In this problem you should do exactly what is written in the statement. Here is rough code of solution:
for (int i = 0; i < n; ++i){
bool wasBest = false;
for(int j = 0; j < m; ++j){
bool isBest = true;
for(int k = 0; k < n; ++k)
if(a[k][j] > a[i][j])
isBest = false;
if(isBest)
wasBest = true;
}
if(wasBest)
ans++;
}
Let's find a formula for the position (x, y) and vector (dx, dy), how many steps to stop the boy can do. You should use "almost" binary search, for example, see the code written by RAD.
for (long long cof = 1100000000; cof; cof /= 2)
while (onField(xc + cof * dx, yc + cof * dy)) {
xc = xc + cof * dx;
yc = yc + cof * dy;
ans += cof;
}
In this task, it was necessary to understand that in position 1 Vasya can get any name of a special form. More exactly, it's the name of form s = s1 s2 s3 s4 ... sm, where s1 — the first letter of any of the names, s2 — the second letter of any of the names, ... sm — m-th letter of any of the names. Then the answer to the problem is the product of cnti (1 ≤ i ≤ m), where cnti is a number of different letters in the names placed in position i.

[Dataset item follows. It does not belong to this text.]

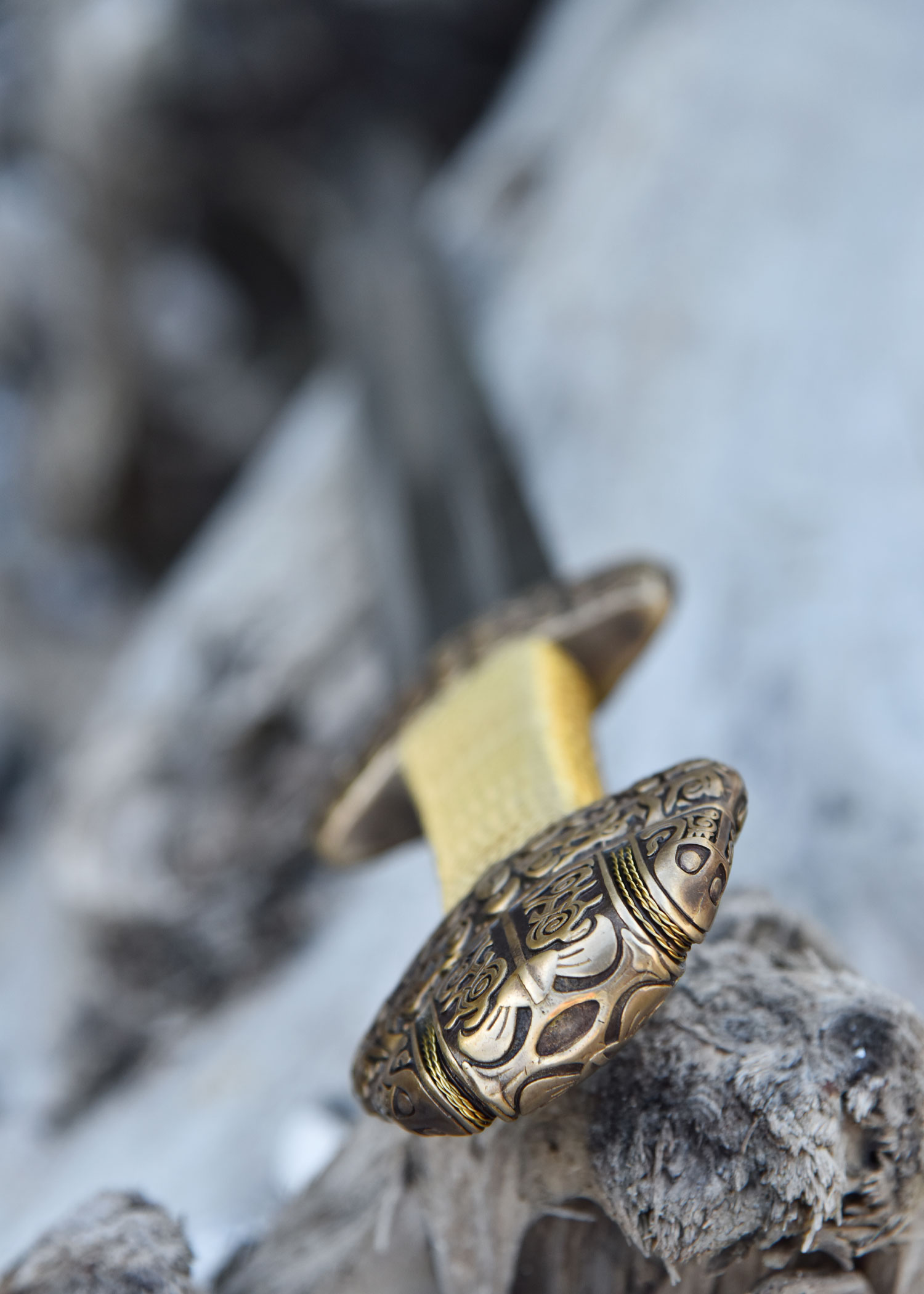 L'elsa è composta da una corta guardia in ottone, un'impugnatura in legno strettamente avvolta in filo di ottone e un pomello in ottone di dimensioni generose. Anche qui, la guardia e il pomo ricreano fedelmente gli intricati motivi e motivi del manufatto originale. Proprio come molti esempi storici dell'epoca, il pomo della spada è una costruzione in due parti. Il codolo intero della lama è stato conficcato nella base, attraversa il cappuccio superiore ed è rivettato dall'alto. La base e il cappuccio sono fissati insieme per mezzo di due rivetti.
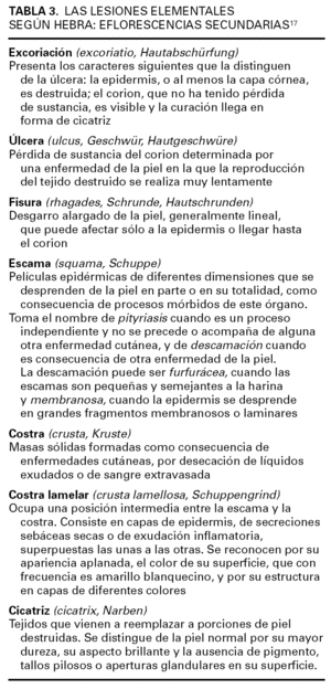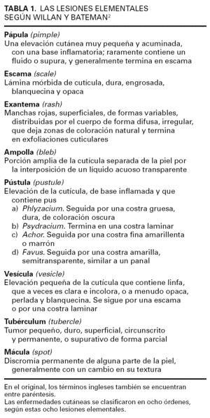 «Es preciso en la definición de cada una de estas lesiones (elementales) atenerse a un solo criterio uniforme: el criterio morfológico. No cabe diferenciar la pápula del tubérculo por el carácter resolutivo de la primera y el no resolutivo del segundo, pues en un momento determinado podríamos no poder precisar cuál va a ser esa evolución posterior».

It was necessary to understand if there are two borders or not.
Let's distinguish those x — and y-coordinates, in which there are at least 3 consecutive symbols '#', becouse the length of each border is no less then 3. It is clear that the coordinates of the corners of borders should be chosen only from those selected x and y. In general, the various selected x no more then 4 and various selected y no more then 4.
Except that case when the height or width of the first border is 3, and length of the second side of this border is more than 3, and one side of the second border fills a part of the inside first at least.
For example:
#######
#######
#######
#.....#
#######
The first border:
#######
#.....#
#######
.......
.......
The second border:
.......
#######
#.....#
#.....#
#######
There are 7 different y-coordinates in the example.
Carefully processed these cases separately, it is quite simple. (Let's choose 4 y-coordinates: minimum, maximum, second minimum and second maximum).
Otherwise, if the amount selected x — and y-coordinates no more then 4, then let's choose opposite corners of the first and second borders and verify that the selected borders — the correct borders and there are no other characters '#'. Checking is carried out at O(n + m) or O(1) (using partial sums).
The solution of this problem is based on dynamic programming. dp[mask][v] — the value of the minimum correct concrete cover, if we consider as important elements only elements of the mask mask, and there are additionally covered the vertex v = (i, j) of the field.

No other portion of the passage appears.